Many of the ranches here in Southwestern Montana have Cottonwood trees scattered around, usually lining the banks of irrigation ditches and creeks. I was told that most of them were originally planted during the last depression by the CCC, and that the trees have a normal lifetime of 50 to 75 years. So a lot of them are dying and falling over these days. The only good thing about them is that they seem to repopulate themselves rather easily. I have several of them on my property down by the creek. They must have blown in from elsewhere. I have watched them grow from nothing into 20-foot tall trees.
Other than the Cottonwoods and a lot of Willow brush down by the creek, nothing other than grass and sage grows here. We have about 4 to 6 inches of topsoil, about 10 inches of rain per year, and a persistent wind. My guess is, those conditions have existed since the last Ice Age, contra Al Gore, so I am not going to fight it.
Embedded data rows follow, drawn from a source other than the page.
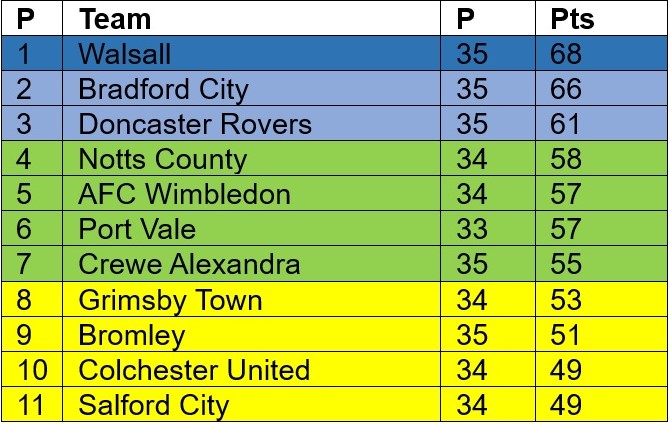 The penultimate weekend of fixtures is definitely tasty. As City and Doncaster lock horns, there’s a big clash between AFC Wimbledon and Port Vale that could decide an awful lot. Walsall are at home to Accrington and Notts County go to Harrogate.
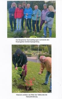 Die Bergheimer Gymnastik-Gruppe nominierte den Rosengarten Schloß Spangenberg e.V. Dieser nahm die Herausforderung an und besorgte flugs eine bienenfreundliche Rose, die dann fristgerecht im Rosengarten, Bereich des Textor-Gartens, gepflanzt und natürlich auch entsprechend begossen wurde. Wie sollte es anders sein – eine bienenfreundliche und reichlich blühende Rose, nämlich die „Ile des Fleurs“. Kommt nächstes Jahr in den Garten und schaut Euch die Blütenpracht an. Gemäß den Regeln nominierte der Rosengarten die Ritter der Tafelrunde. Auch diese nahmen die Herausforderung an und setzten auf dem Eckgrundstück oberhalb des Friedhofes (auf dem die Treffurter Kirschbäumchen stehen) innerhalb der aufgegebenen Frist einen Strauch, der im kommenden Jahr hoffentlich reichlich blüht. Wie es sich gehört, wurde auch dieser Strauch reichlich mit einem geistigen Getränk begossen. Die Ritter nominierten sodann aus der Spangenberger Partnerstadt Cariñena in Spanien die Los Borrachos binnen einer Frist von 10 Tagen ein Bäumchen zu pflanzen.
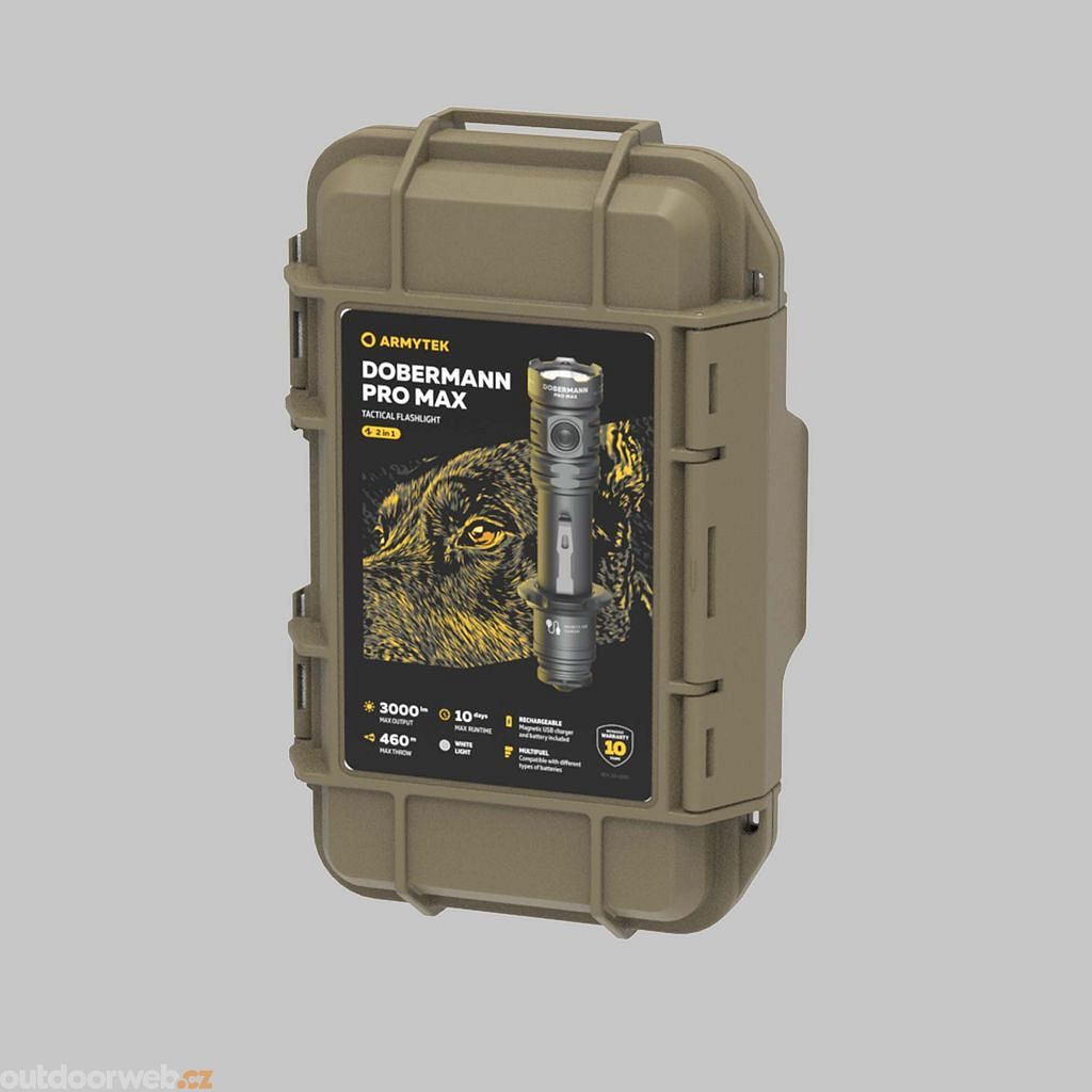 Armytek Dobermann Pro Max je extrémně výkonná taktická svítilna s dlouhým dosvitem a maximální odolností. Ideální volba pro profesionální použití, lov i náročný outdoor.
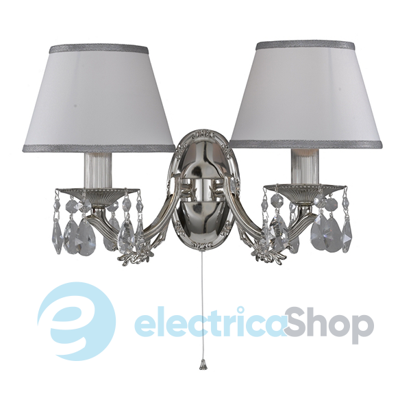 Бра RECCAGNI ANGELO A 9832/2 Nichel Paralume bianco, cristalli trasparenti будет хорошо смотреться в гостиной, столовой, спальне и других классических интерьерах. Основание выполнено из металла (мельхиоровое покрытие), абажур текстильный (белый с мельхиоровой каймой), подвески - из прозрачного хрусталя SCHOLER (Австрия).
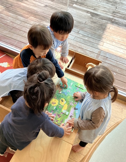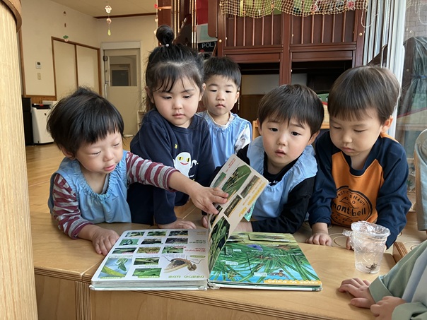 朝「ウッドデッキにいた虫は何?」と尋ねてきたので、図鑑を渡しました。ページをめくりながら指差し、「これかな?」「これだよ」と子ども達で話していました。子ども達の「なんだろう?」には、「どんなことを発見するかな?」「どんな会話が繰り広げられるかな?」と保育士もワクワクします🤩

on Jul 8th, 2009 at 1:26 pm
Oh, Max, just because your horticultural endeavors have been disasters doesn’t mean you need to be bitter at the rest of us for wanting to spruce up our places.
It’s not like a box of sticks (or rocks) plopped onto the prairie is exactly natural anyway. What’s the harm in going a little further?
(tongue in cheek, just having some fun)
on Jul 9th, 2009 at 12:00 am
Oh, Doug, I must confess that I am a closet Christian environmentalist driven by an all-consuming vision of a pristine landscape completely devoid of any alterations made by man.
Besides the evil box you live in, every shrub or tree you plant—indeed, every blade of grass in your unholy lawn—is a stain on the perfection of God’s work and an insult to the majesty of the natural world He created.